> Task statement: Everything in the data gets repeated exactly, except for the pictures.

> Dataset extract:
----------

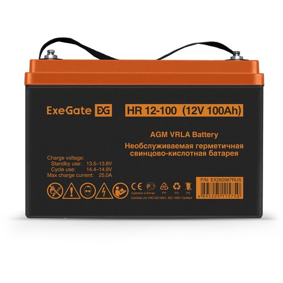 Аккумулятор Exegate HR 12-100 12V, 100Ah, под болт М6 [EX282987RUS]
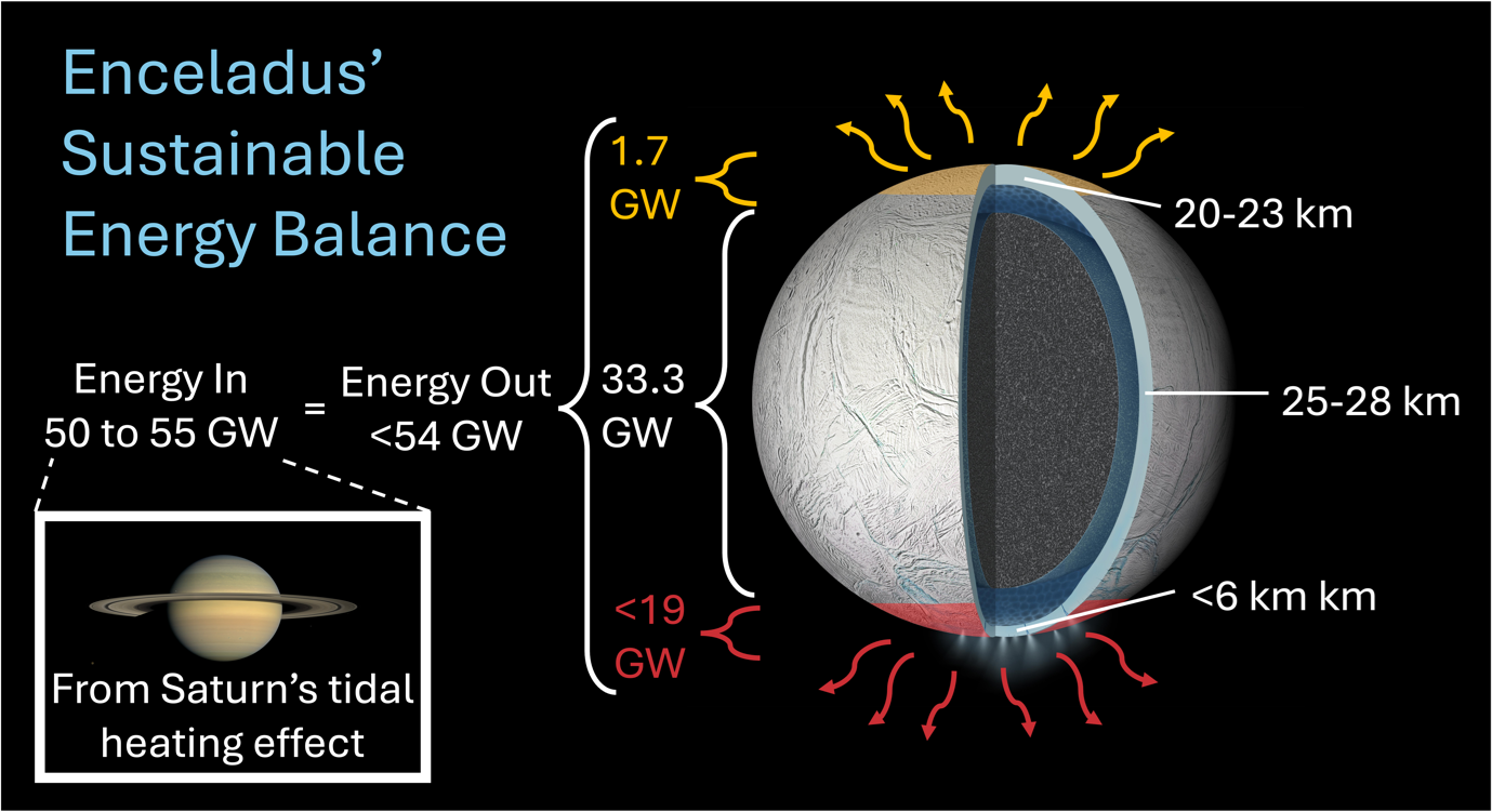 Estendendo questo valore a tutto Encelado, la perdita di calore per conduzione (dall’acqua liquida al ghiaccio della crosta) ammonterebbe a circa 35 gigawatt: più o meno equivalente alla produzione di oltre 66 milioni di pannelli solari (con una potenza di 530 watt) o 10500 turbine eoliche (con una potenza di 3,4 megawatt). E se a questo si aggiunge il calore che, secondo le stime precedenti, fuoriesce dal polo sud attivo di Encelado, la perdita di calore totale sale a 54 gigawatt: una cifra che corrisponde quasi esattamente al calore immesso dalle forze di marea.
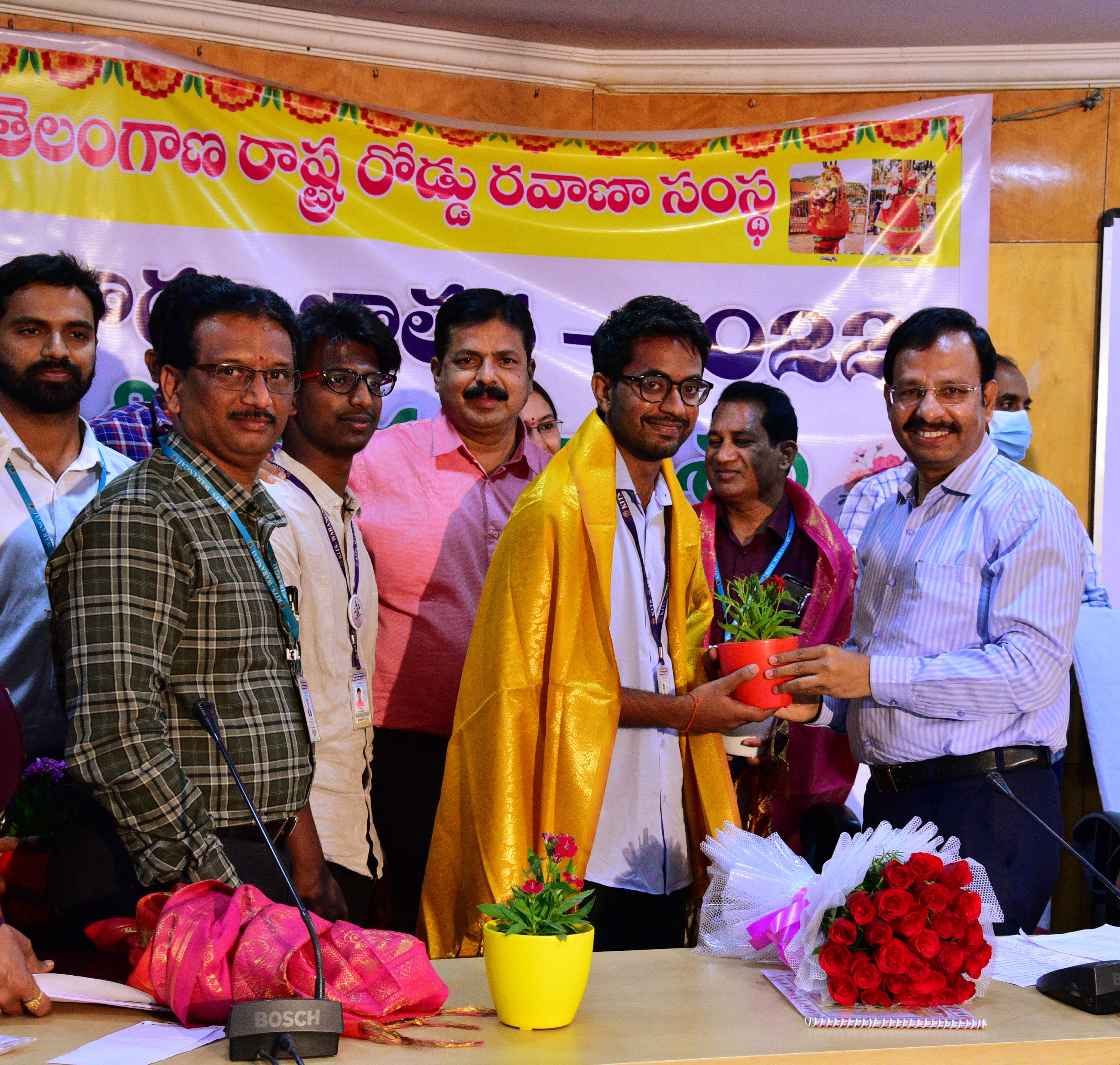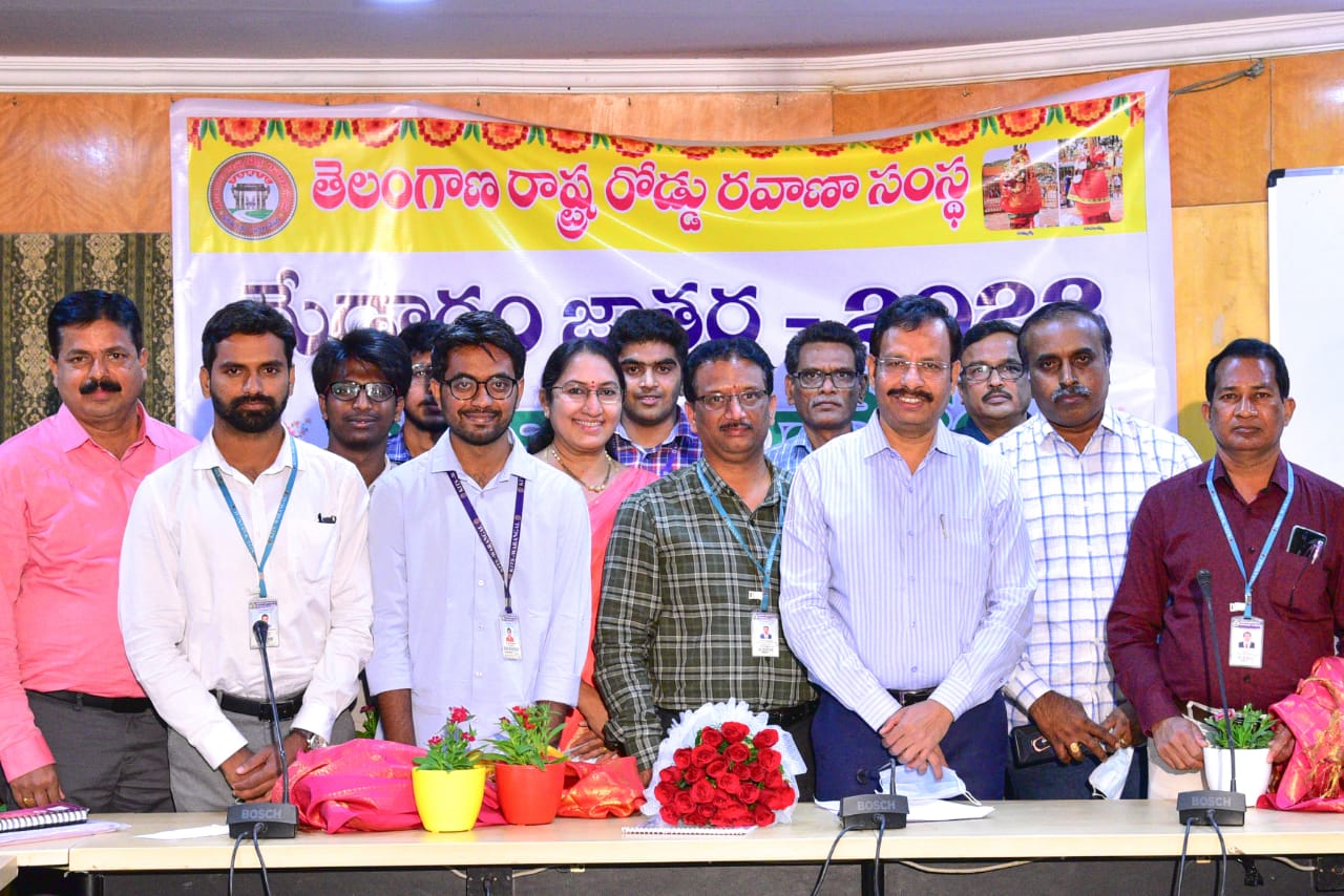 Sri V.C Sajjanar M.D, TSRTC has felicitated the students and faculty involved in the development of TSRTC MEDARAM JATHARA App, on 04.02.2022 at Bus Bhavan, Hyderabad.

----------

> Answer for this exercise:
 Аккумулятор Exegate HR 12-100 12V, 100Ah, под болт М6 [EX282987RUS]
 Estendendo questo valore a tutto Encelado, la perdita di calore per conduzione (dall’acqua liquida al ghiaccio della crosta) ammonterebbe a circa 35 gigawatt: più o meno equivalente alla produzione di oltre 66 milioni di pannelli solari (con una potenza di 530 watt) o 10500 turbine eoliche (con una potenza di 3,4 megawatt). E se a questo si aggiunge il calore che, secondo le stime precedenti, fuoriesce dal polo sud attivo di Encelado, la perdita di calore totale sale a 54 gigawatt: una cifra che corrisponde quasi esattamente al calore immesso dalle forze di marea.
 Sri V.C Sajjanar M.D, TSRTC has felicitated the students and faculty involved in the development of TSRTC MEDARAM JATHARA App, on 04.02.2022 at Bus Bhavan, Hyderabad.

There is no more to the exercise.